Uzman Psikolog Korkmaz, “Acaba evlendiğimde değişir mi? Bana gösterdiği ilgi azalır mı? Sevgi, saygı, şefkat ve aşkı azalır mı? Desteği azalır mı?’ Bu sorular evlilik stresini tetikler. Evlilikle birlikte omuzlarımıza yüklenecek sorumluluklar evlilik korkusunu oluşturan etkenlerdendir. Bu korkuya bir de bu soru işaretleri eklenince stres katlanarak artar. Bu sefer kişi ‘Aslında evlenmeyi çok istiyorum ama çok korkuyorum.’ demeye başlar. Bu cümle bir yerde ayrılık sinyallerinin de işaretini vermek anlamına gelebilir.
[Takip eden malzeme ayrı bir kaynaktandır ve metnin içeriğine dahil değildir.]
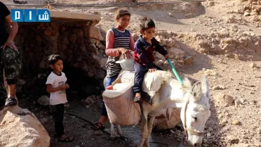 الحمير وسيلة نقل بدائية لنقل مياه الشرب من نبع حميمات إلى قرى ريف إدلب

Çünkü kişi bu soruların getirdiği stresle başa çıkamaz ve bu durumu atlatamazsa sendroma yakalanır. Ben bu durumu evlilik öncesi sendromu olarak adlandırıyorum”
“Çiftler evliliğin getireceği sorumluluklarla birlikte strese girip endişeye kapılabilirler. Bununla birlikte çiftler partnerlerinin doğru seçim olup olmadığını sorgulayarak da strese girebilirler. Bu durumda ailelere düşen görevler çiftleri sakinleştirmek olmalıdır. Kendi ilişkilerindeki güzel yaşanmışlıkları ve hayata dair mücadelelerini örnek olarak vermeleri, evlenecek olan çiftlerin olumlu ve güzel yönlerini çiftlere karşı dile getirmeleri stresi büyük ölçüde azaltacaktır.”
“Bu sorunlar ile baş etmenin bir kaç yolu vardır. Kişisel gelişim kitapları okunabilir ya da gelişimsel programlar izlenebilir. Ama ciddi anlamda bu sorunların en sağlıklı çözümü bu alan ile ilgilenen bir psikologdan destek almaktır.”
“İlişkilerde 3’üncü şahıslar bazen çok yapıcı bazen ise çok yıkıcı olabiliyor. Bu ayırımı çok iyi yapmak ve buna göre müdahale izni vermek ya da vermemek gerekiyor. Eğer 3’üncü şahıslar ilişkiniz ve partneriniz hakkında sürekli olumsuz cümleler kuruyorsa, kötü dille eleştiriyorsa ve olumsuz iddialar ortaya atıyorsa buna kesinlikle ‘dur’ demeniz gerekir. Ancak 3’üncü şahıslar ilişkinizi destekliyor, ilişkiniz ve partneriniz hakkında olumlu cümleler kurup her fırsatta sevginizi ve birbirinize nasıl yakıştığınızı size hatırlatıyorsa onlarla dertleşebilirsiniz.” diye konuştu.
Dışarıdan yapılan olumsuz yorumlar evliliğe engel oluyor
İlişkilerde çevresel faktörlerin de büyük bir rol oynadığını vurgulayan Korkmaz, dış etkenlerin ilişkileri olumlu ya da olumsuz yönde etkileyebileceğine dikkat çekti. Korkmaz, "İlişkinize ve partnerinize dışarıdan gelen olumsuz yorumlar, zamanla ilişkinizi zehirleyebilir. Bu nedenle, üçüncü kişilere karşı dikkatli olmak ve ilişkinizi koruyacak sınırlar koymak önemlidir." ifadelerini kullandı.
Evlilik öncesi yaşanan bu stres ve güvensizliklerle başa çıkabilmek için ailelere büyük görevler düştüğünü belirten Korkmaz, ailelerin, çiftlere destek olması gerektiğini ve olumlu örneklerle onları rahatlatmalarının stresi azaltacağını söyledi.
Evlilik öncesi dönemde yaşanan bu sorunların üstesinden gelmek için kişisel gelişim ve terapi seçenekleri de değerlendirilebilir. Ancak bu süreçte profesyonel destek almanın önemi bir kez daha altı çizilmekte.